Stiles, Derek'i kendine öyle büyük bir hızla çekti ki neredeyse dişleri birbirine çarpacaktı. Dudaklarını büyük bir hırsla birleştirdi. Dengesini sağlamaya çalışan Derek ellerini oğlanın iki yanından yatağa bastırmıştı. Stiles'ın ne yaptığı hakkında hiçbir fikri yoktu ama oğlanın dudakları aklını başından aldığı için bunun üstüne kafa yormadı. Yalnızca Stiles ve dudakları vardı. Yediği portakallı çöreklerin tadı hâlâ dudaklarındaydı.
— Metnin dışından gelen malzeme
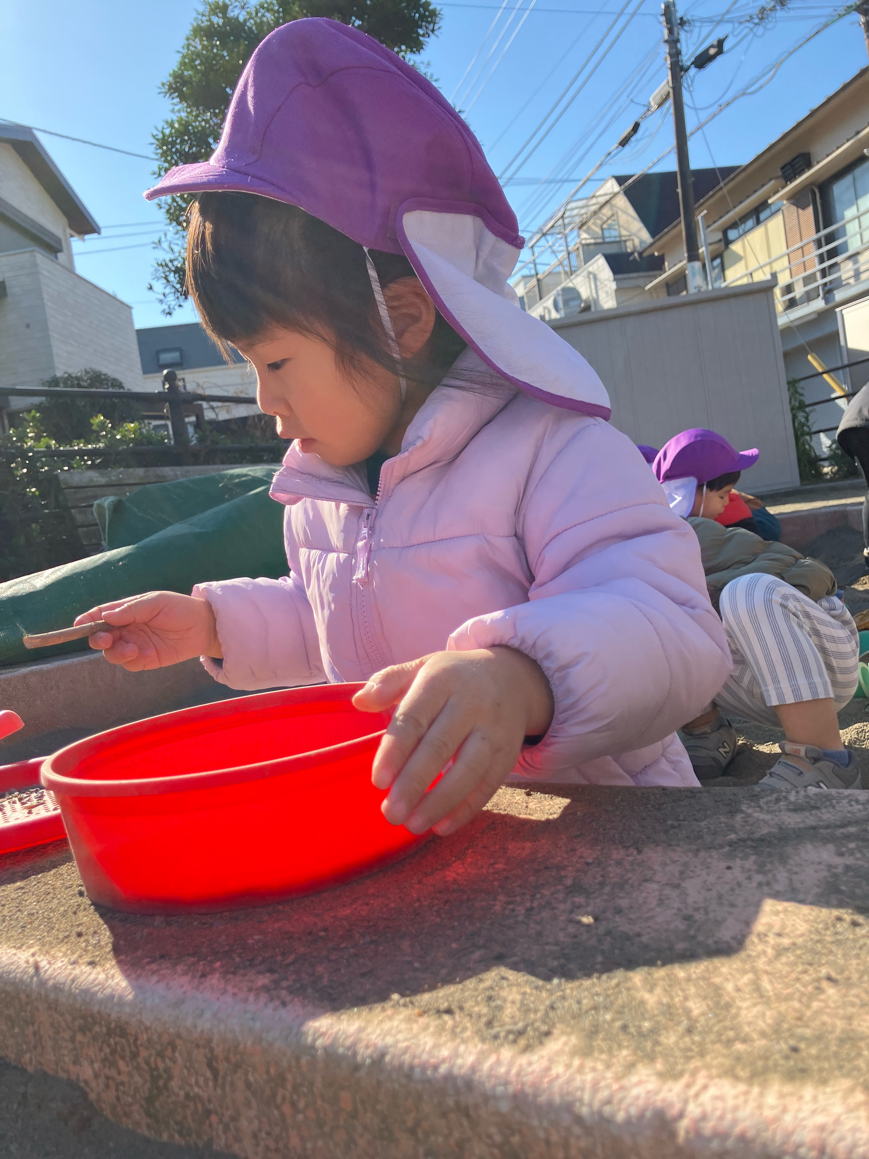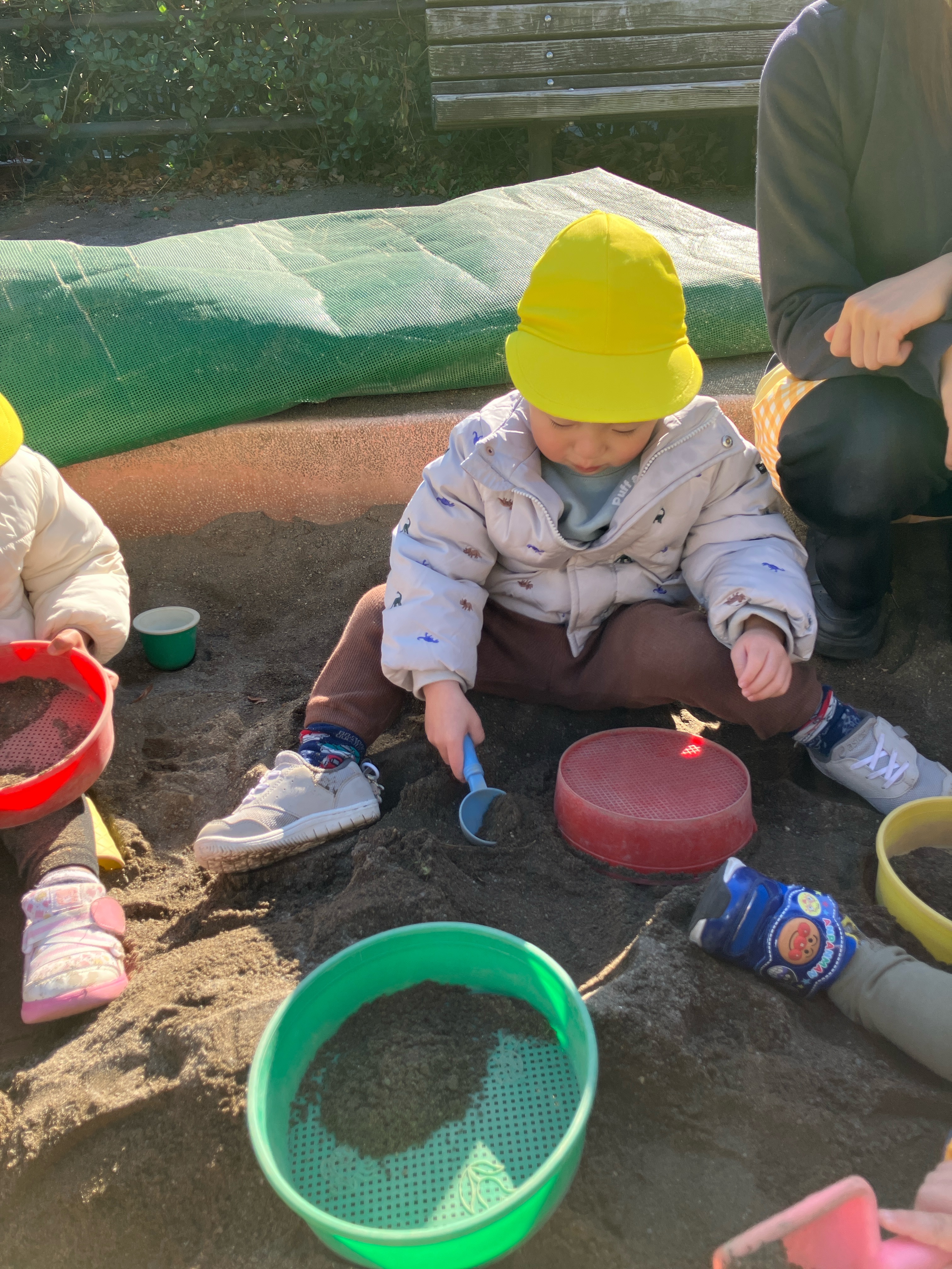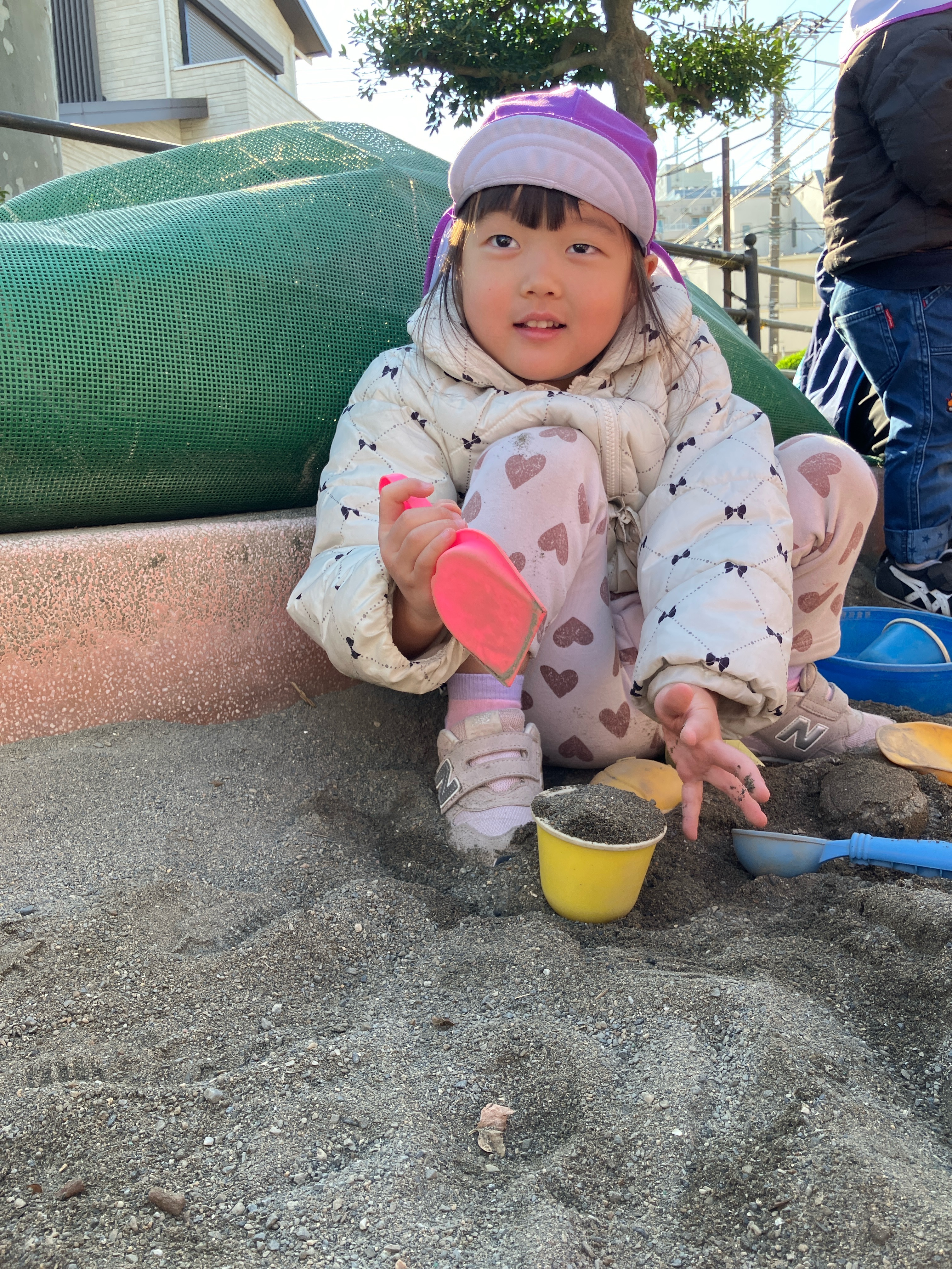 砂をすくったり、型にいれて型抜きをして楽しんでいます♪
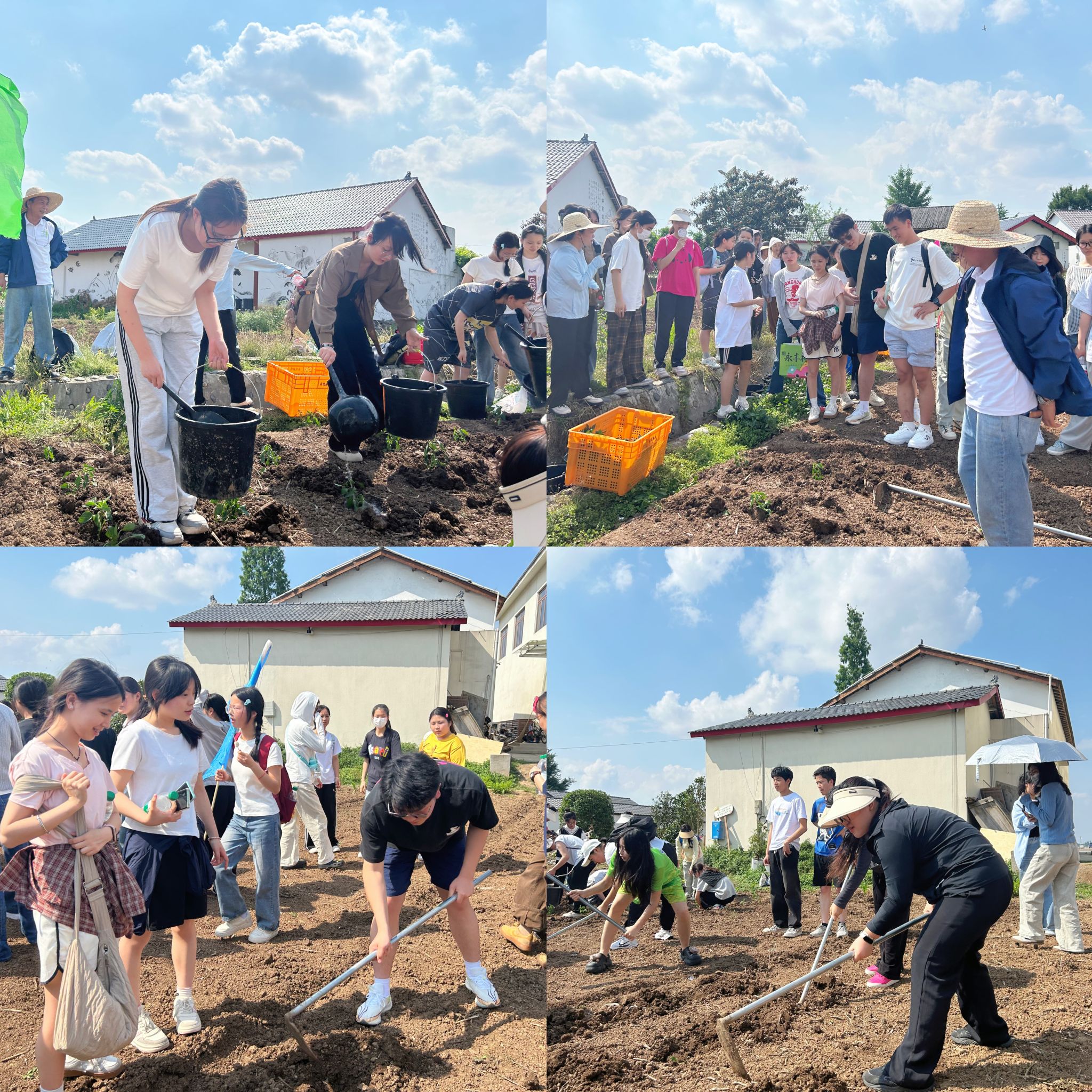 耕种体验环节,基地农耕人员先为同学们详细讲解锄头、铁锹等农具的操作规范和注意事项,示范了种植辣椒的方法步骤。随后,同学们分组行动,在教学实验田里深度翻耕,松土、挖坑、种秧、压平、浇水……通过躬身劳动体验劳动最光荣、劳动最崇高、劳动最伟大、劳动最美丽的内涵。
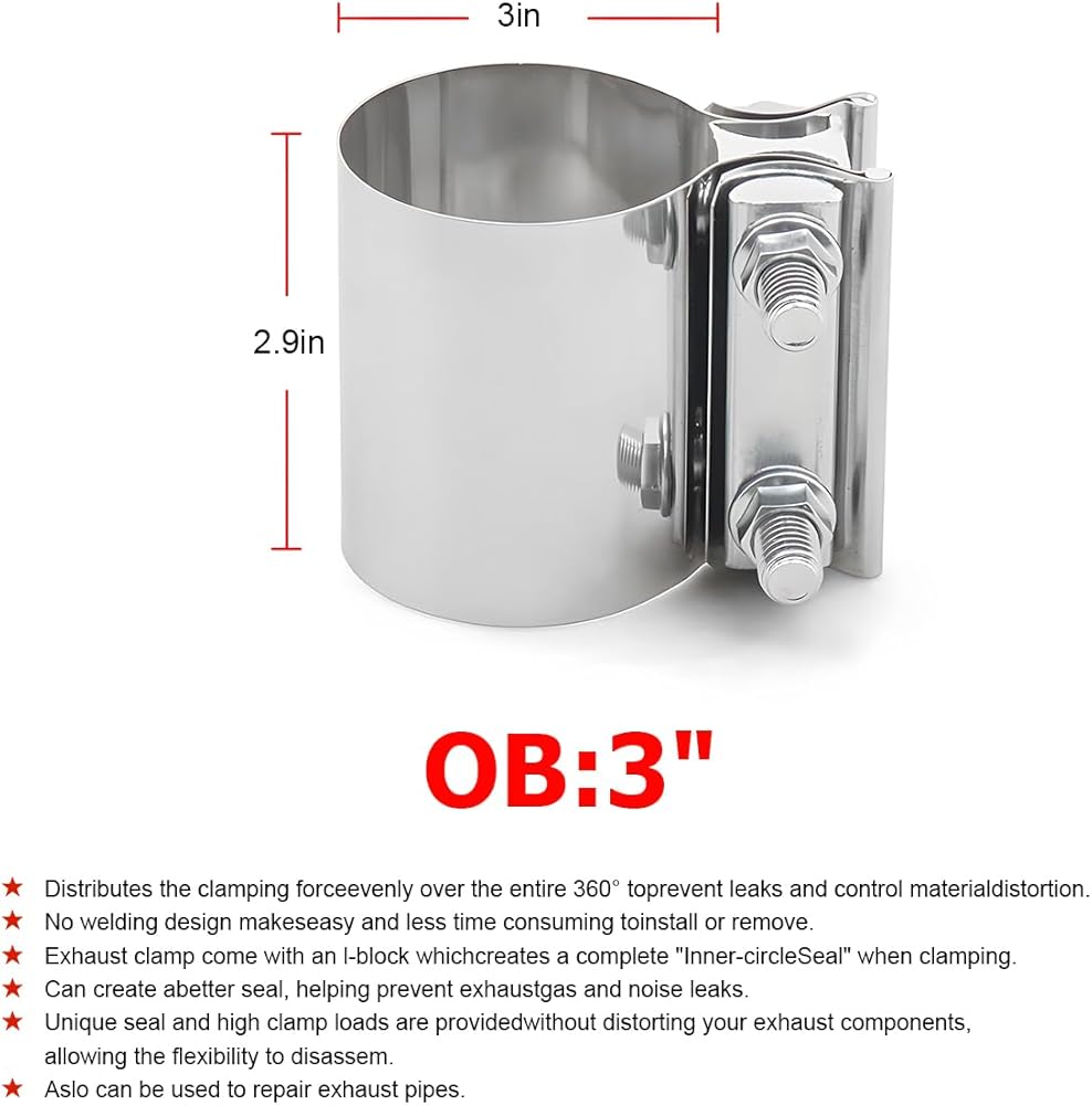 【Durable Material】: Our product is made from stainless steel which is highly resistant to rust and corrosion, making it ideal for use in the exhaust system, which is constantly faced with different conditions. Stainless steel can withstand the high temperatures generated by the exhaust system, ensuring that the clamp maintains its structural integrity.
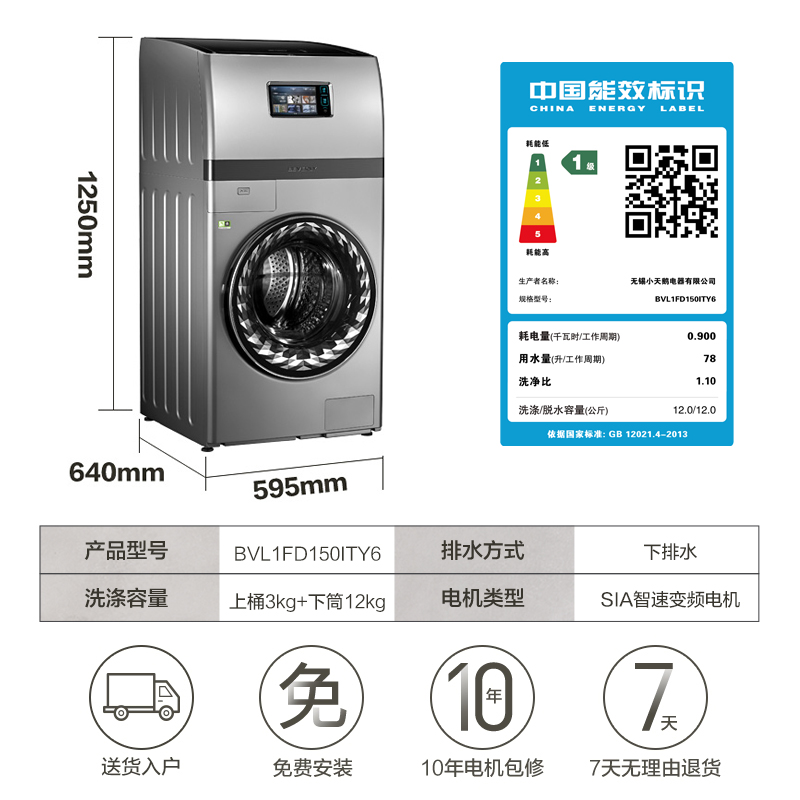 Little Swan Beverly 15kg double-layer washing machine drum automatic household washing and drying BVL1FD150ITY6
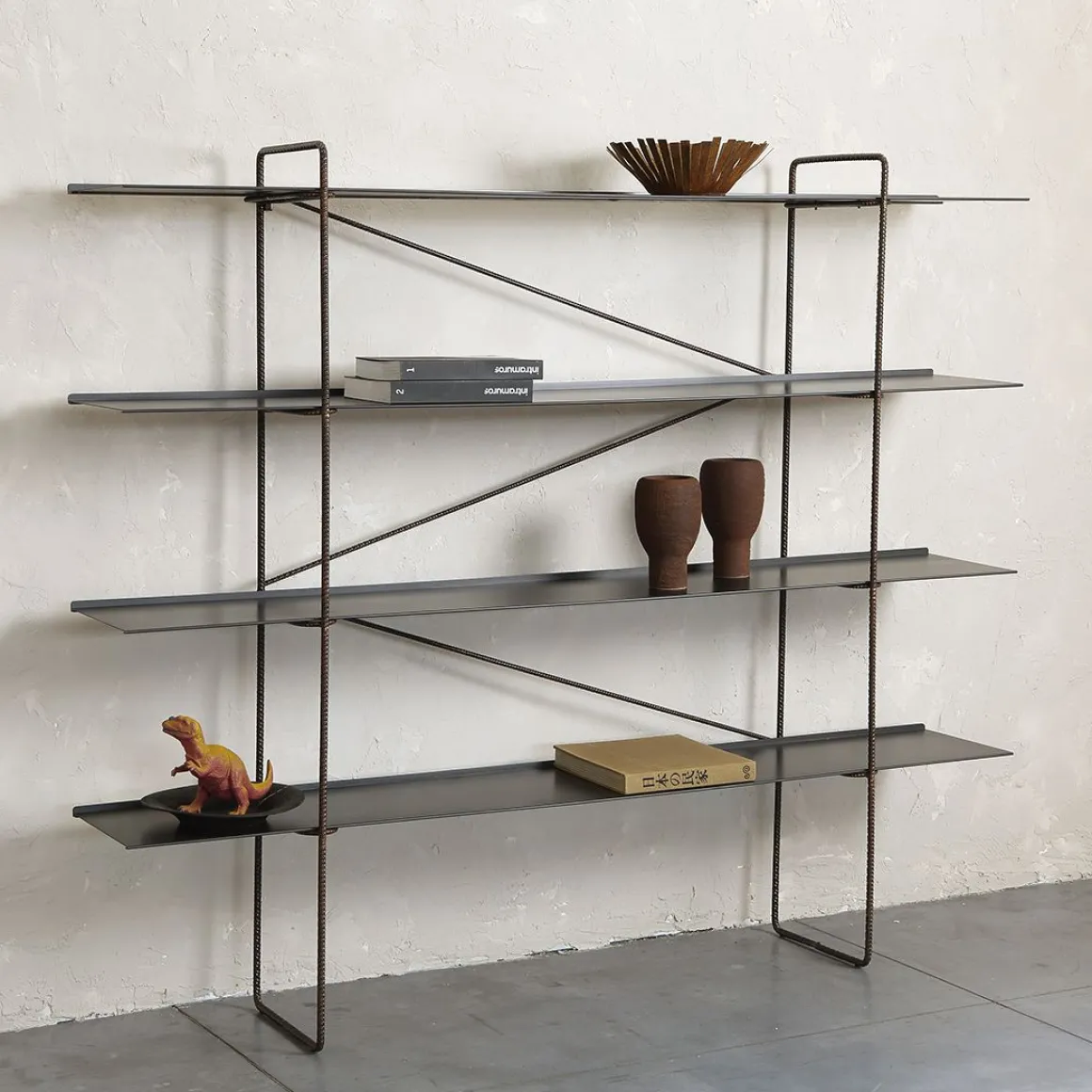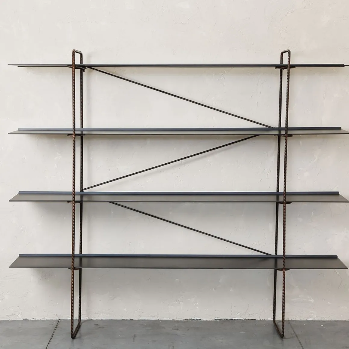 Bibliothèque murale, démontable. Structure en tige d’acier nervurée Ø14 mm. Finition naturelle laqué transparent opaque. Étagère en tôle d’acier naturelle découpée et courbée. Traitement phosphaté noir, fixation final avec de la cire d’abeille.
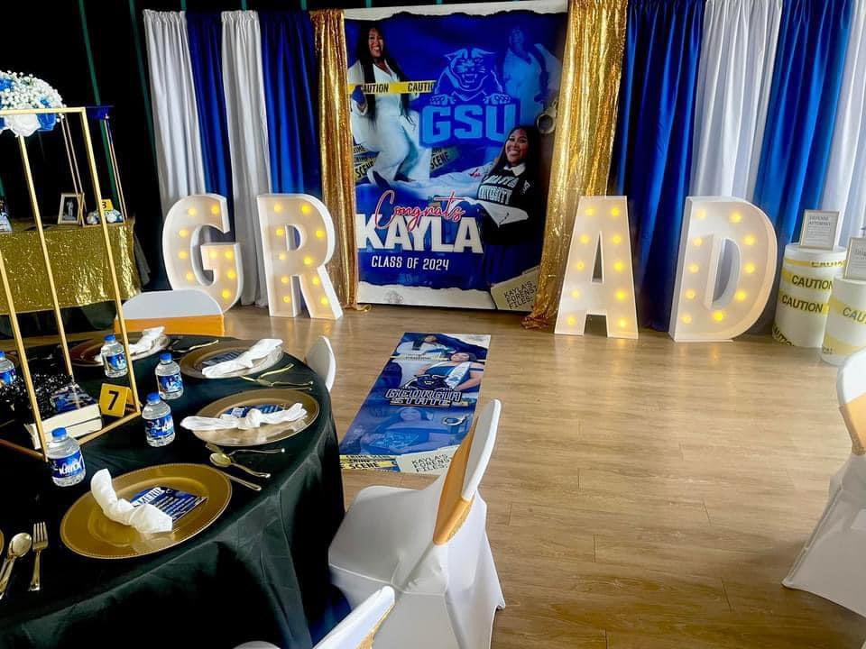 (Up to 35 guest, full event set up, (3) custom backdrop panels or (1) 8x8 + (2) 4x8 backdrops, welcome sign, centerpieces, (2) Balloon columns or (1) balloon garland, throne chair, "GRAD" marquee letters, treat cart or wall.)

Stiles ne yaptığını bilmiyordu. Neden her şeyi başa sarıyordu? Ne bok yemeye Derek Hale'i öpüyordu? Neden nefret ettiği adamı öpmekten tiksinmiyordu? Neden bunun yerine daha fazlasını isterken buluyordu kendini? Neydi bu, aptal bir gençlik arzusu filan mı? Üstelik Lydia'yı seviyorum. Başını yana eğip Derek'e daha fazla sokulurken dehşet içinde düşündü. Başkasını severken bunu yapmam adilik değil mi? Ama o başlattı. Bu onun suçu. Öylesine bir öpücük. Bir şey olacağı yok ya... Ama öpüşmeye devam ettikçe belki de bir şey olabilir diye düşünmeye başlıyordu. Ellerini adamın ensesine kaydırıp mümkünmüş gibi onu daha yakına çekiyordu. Ne kadar denerse denesin açlığı doyacakmış gibi gelmiyordu.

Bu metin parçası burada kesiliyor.